The SAMWU proposal challenges the government's motivations for privatisation and the implementation of such policies. They argue that there is nothing inherently inefficient about the public sector, that prevents it from being cost-effective, or denies it the capacity to use new technology. While they recognize that the private sector's financial advantages make it appear to be an attractive service provider, they have identified a number of other sources of financing which need to be investigated. These alternatives include re-prioritising budgets, cross-subsidising services from the rich to the poor, and a Local Government Solidarity Fund. For public sector delivery to be successful though, both central and local governments must be willing to put resources into developing plans for it.

Mobilising support

In Nelspruit, SAMWU has mobilised support for its position by engaging local political structures. To date, it has garnered the support of COSATU, SACP (South African Communist Party) and SANCO (South African National Civics Organization) in the region. By meeting with ANC provincial structures and the Nelspruit ANC councillors, SAMWU obtained a commitment that the final decision on contracting out the water services will be delayed until SAMWU's proposal has received further consideration.

SAMWU's pilot projects are part of a broader campaign against privatisation. Notwithstanding COSATU's acceptance that restructuring state assets should "consider all forms of ownership-nationalisation, privatisation where necessary, joint venture, opening up new entities and partnerships between the state and private sector", it has committed its support to the SAMWU campaign. A resolution to " campaign against the current moves which aim to privatise the provision of basic services such as water and electricity" was taken at a policy conference this May.

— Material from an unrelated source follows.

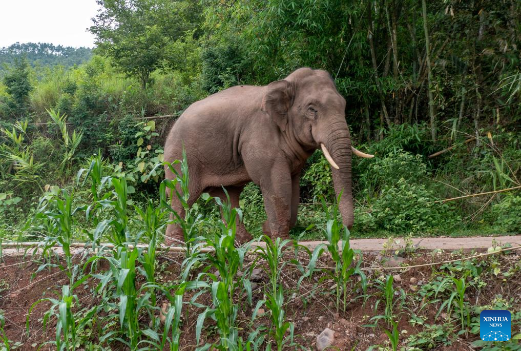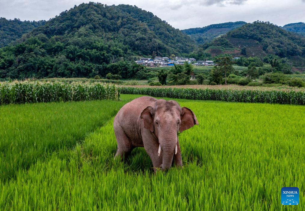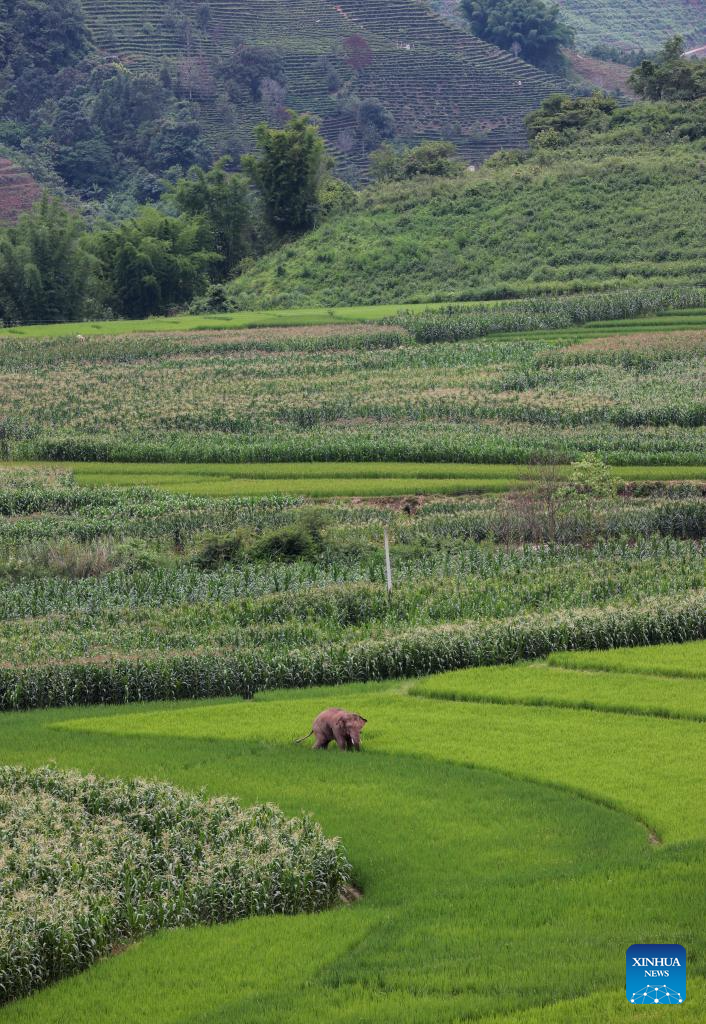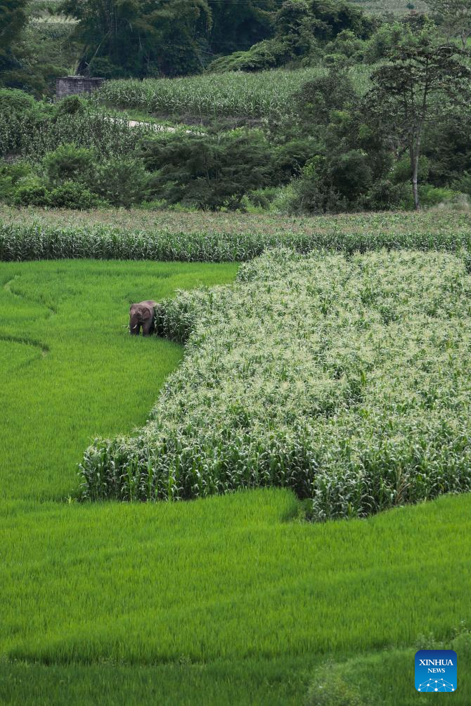 An Asian elephant eats in rice and corn fields in Jiangcheng Hani and Yi Autonomous County of Pu'er, southwest China's Yunnan Province, July 19, 2023. Asian elephants, a pivotal species in the rainforest ecosystem, are under first-class national protection in China. The elephants are mostly found across Yunnan.

SAMWU also has received some support for its campaign at the National Labour Relations Forum For Local Government (NLRFLG) which brings together organised labour (SAMWU and IMATU) and organised employers (SALGA - South African Local Government Association). A June 1997 resolution supported local government service delivery as the preferred form. While SALGA could not commit to stopping its members from continuing with privatisation processes already underway, the NLRFLG agreed to a process to develop plans for public sector delivery of services.

Conclusion

The move towards public/private partnerships must be understood as one of the features of globalization - which includes: an overriding belief in the effectiveness of the unfettered market, emphasising the need for both countries and cities to be internationally competitive, with decentralised service delivery and liberalised economies. In this context, public/private partnerships have become an accepted form of service delivery: international capital and their governments portray them as neutral development tools. However, they must be viewed as a form of privatisation, and as partnerships which promote the interests of capital, especially transnational companies, rather than workers and communities. These market-based economic activities do not offer "free choice" to communities with little money.

In rejecting the governments argument that public/private partnerships are necessary to help meet the developmental needs of South Africa, and in mobilising a campaign against privatisation, SAMWU has delayed their implementation and forced the issue of public sector delivery onto the agenda. Perhaps the most important aspect of the SAMWU campaign is that it counters the argument that there is no alternative to privatisation. SAMWU cannot battle privatisation alone, however. The possibility of effectively shifting local government service delivery rests on the extent to which they are able to mobilise sufficient support - both from the labour movement as a whole and from the affected communities.